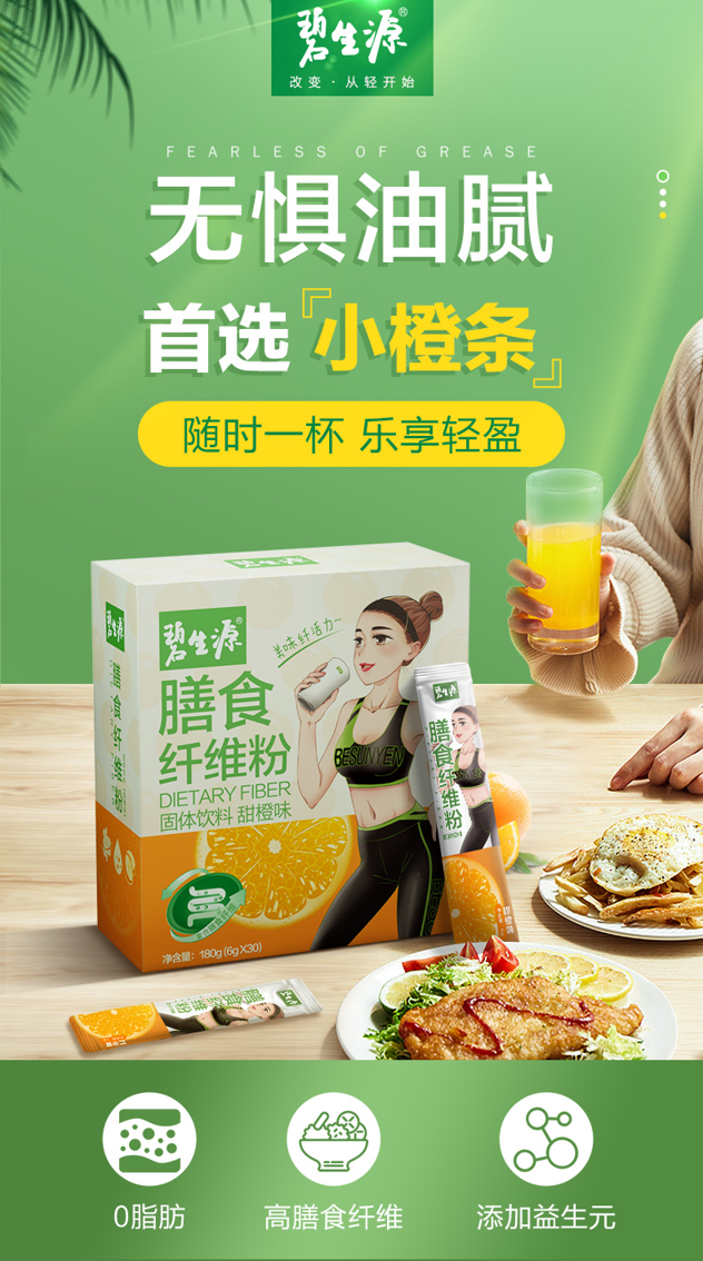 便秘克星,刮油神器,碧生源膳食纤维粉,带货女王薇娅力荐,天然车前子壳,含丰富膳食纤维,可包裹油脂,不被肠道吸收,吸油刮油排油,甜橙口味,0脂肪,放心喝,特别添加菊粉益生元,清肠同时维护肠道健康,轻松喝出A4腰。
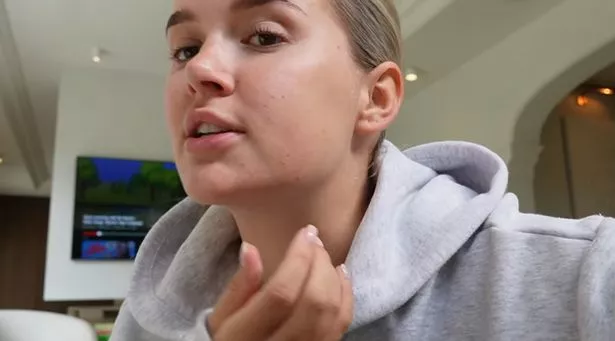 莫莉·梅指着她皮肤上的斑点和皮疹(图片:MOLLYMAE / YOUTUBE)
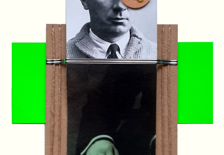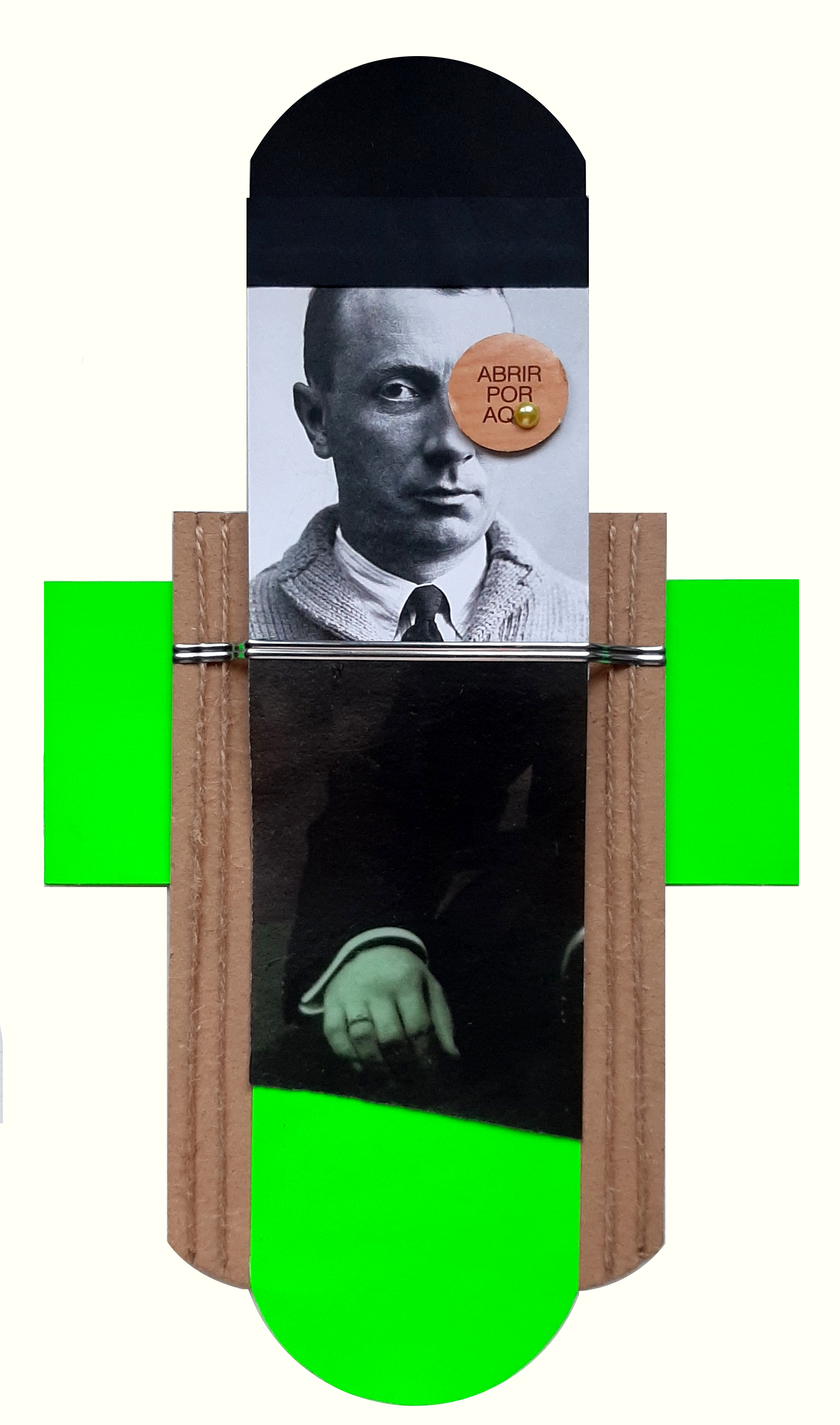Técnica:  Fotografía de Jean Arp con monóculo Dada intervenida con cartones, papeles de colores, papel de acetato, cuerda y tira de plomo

| What to work on |
Everything from the opening line of the data through the line with "莫莉·梅指着她皮肤上的斑点和皮疹(图片:MOLLYMAE / YOUTUBE)" should be repeated exactly; leave the pictures out.

| Expected answer |
 便秘克星,刮油神器,碧生源膳食纤维粉,带货女王薇娅力荐,天然车前子壳,含丰富膳食纤维,可包裹油脂,不被肠道吸收,吸油刮油排油,甜橙口味,0脂肪,放心喝,特别添加菊粉益生元,清肠同时维护肠道健康,轻松喝出A4腰。
 莫莉·梅指着她皮肤上的斑点和皮疹(图片:MOLLYMAE / YOUTUBE)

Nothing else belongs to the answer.